• TASK TO CARRY OUT:
Among the records that follow, find the line with "Don’t confuse conjunctions" and the line with "- 영속(managed) : 영속성 컨텍스트에 관리되는 상태". Set down those lines and all lines between them exactly, without adding anything.

• WORKING DATA:
————————

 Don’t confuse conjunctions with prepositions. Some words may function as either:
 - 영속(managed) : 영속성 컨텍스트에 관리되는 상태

————————

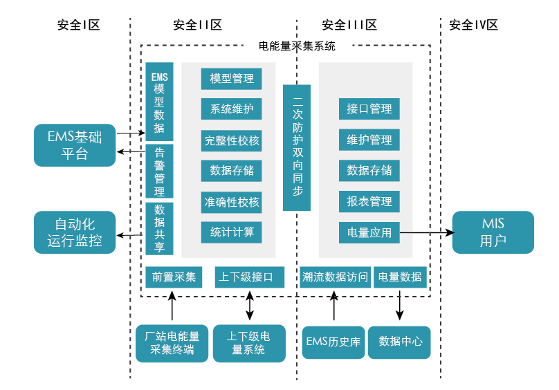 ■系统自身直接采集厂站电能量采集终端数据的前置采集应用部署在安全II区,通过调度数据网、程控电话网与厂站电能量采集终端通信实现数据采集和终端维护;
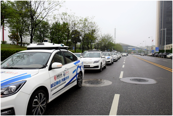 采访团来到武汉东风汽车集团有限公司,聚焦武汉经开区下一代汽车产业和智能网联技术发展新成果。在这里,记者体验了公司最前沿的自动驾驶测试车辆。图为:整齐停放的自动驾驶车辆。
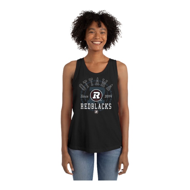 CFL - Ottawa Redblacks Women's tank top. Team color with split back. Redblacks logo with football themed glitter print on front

————————

• WRITTEN SOLUTION:
 Don’t confuse conjunctions with prepositions. Some words may function as either:
 - 영속(managed) : 영속성 컨텍스트에 관리되는 상태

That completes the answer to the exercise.